The second part of the process is verification and that’s where ASP

using System.Threading.Tasks;
using Grump.yWizards.Areas.Public.ViewModels;
using Grumpy.Wizards.Database;
using Microsoft.AspNet.Identity;
using Microsoft.AspNet.Mvc;

namespace Grumpy.Wizards.Areas.Public.Controllers
{
    public class AccountController : Controller
    {
        private UserManager userManager = null;
        private SignInManager signInManager = null;

        public AccountController(UserManager userManager, SignInManager signInManager)
        {
            this.userManager = userManager;
            this.signInManager = signInManager;
        }

Next we want to authenticate the user. This is the same logic that we used the last time we covered Identity:

        /// <summary>
        /// Authenticate the supplied user
        /// </summary>
        /// The Login ViewModel
        /// Result of the login action
        [Route("api/login")]
        [HttpPost]
        [AllowAnonymous]
        public async Task Login([FromBody] LoginViewModel model)
        {
            // Verify that the model is valid according to the validation rules
            // in the model itself.  If it isn't valid, return a 400 Bad Request
            // with some JSON reviewing the errors
            if (!ModelState.IsValid)
            {
                return new BadRequestObjectResult(ModelState);
            }

            // Find the user in our database.  If the user does not exist, then
            // return a 400 Bad Request with a general error.
            var user = await userManager.FindByNameAsync(model.Email);
            if (user == null)
            {
                ModelState.AddModelError("", "Invalid Username or Password");
                return new BadRequestObjectResult(ModelState);
            }
            // If the user has not confirmed his/her email address, then return a
            // 400 Bad Request with a request to activate the account.
            if (!user.EmailConfirmed)
            {
                ModelState.AddModelError("Email", "Please activate your account");
                return new BadRequestObjectResult(ModelState);
            }
            // Authenticate the user with the Sign-In Manager
            var result = await signInManager.PasswordSignInAsync(model.Email, model.Password, false, shouldLockout: false);
            // If the authentication failed, add the same error that we add when
            // we can't find the user (so you can't tell the difference between
            // a bad username and a bad password) and return a 400 Bad Request
            if (!result.Succeeded)
            {
                ModelState.AddModelError("", "Invalid Username or Password");
                return new BadRequestObjectResult(ModelState);
            }

            return new HttpStatusCodeResult(200);
        }

After doing a few tests, I got this:

blog-code-0602-3

Oops – this actually is a security concern.
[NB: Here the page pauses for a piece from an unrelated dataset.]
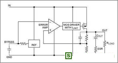 LDO的低壓差線性穩壓器的結構主要包括啟動電路、恒流源偏置單元、使能電路、調整元件、基準源、誤差放大器、反饋電阻網絡,保護電路等,基本工作原理是這樣的:系統加電,如果使能腳處于高電平時,電路開始啟動,恒流源電路給整個電路提供偏置,基準源電壓快速建立,輸出隨著輸入不斷上升,當輸出即將達到規定值時,由反饋網絡得到的輸出反饋電壓也接近于基準電壓值,此時誤差放大器將輸出反饋電壓和基準電壓之間的誤差小信號進行放大,再經調整管放大到輸出,從而形成負反饋,保證了輸出電壓穩定在規定值上;同理如果輸入電壓變化或輸出電流變化,這個閉環回路將使輸出電壓保持不變,即:
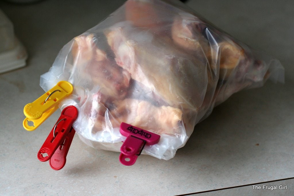 1. If the bag of frozen chix stays frozen, then you don't need to clean it. Empty it, leave it in the freezer, fill it up with the next batch. It helps to write "raw chix" on the bag so you don't forget between batches.

I give away the fact that the user has an account even though the password is wrong. To fix this, I moved the EmailConfirmed below the sign in test. This does bring up an interesting problem – I need to activate the admin account when I’m creating the database. To do this, I adjust the ApplicationDbContext.cs file:

                user = new ApplicationUser {
                    UserName = options.DefaultUsername,
                    EmailConfirmed = true
                };

After I deleted the database and restart the server, I could get all the way through the WebAPI. You need the Postman Interceptor installed to see cookies, but once you do that, you’ll get the following:

blog-code-0602-4

There are actually three cookies generated:

  1. .AspNet.Microsoft.AspNet.Identity.Application
  2. 8lk97XBCwt0 (or more correctly, something completely random)
  3. connect.sid

All I need to do in my web application is to transcribe those cookies that I received to my web session and refresh the page. The ASP.NET application should then recognize me as authenticated as a particular user and display the Signoff link instead of the Signon link.

In my next article, I’m going to use this WebAPI to do exactly that inside of the ASP.NET Layout.

Note that there is nothing different about these techniques from the last time I did Identity. If you want to do Identity the same way I did last time, please feel free – there is no difference.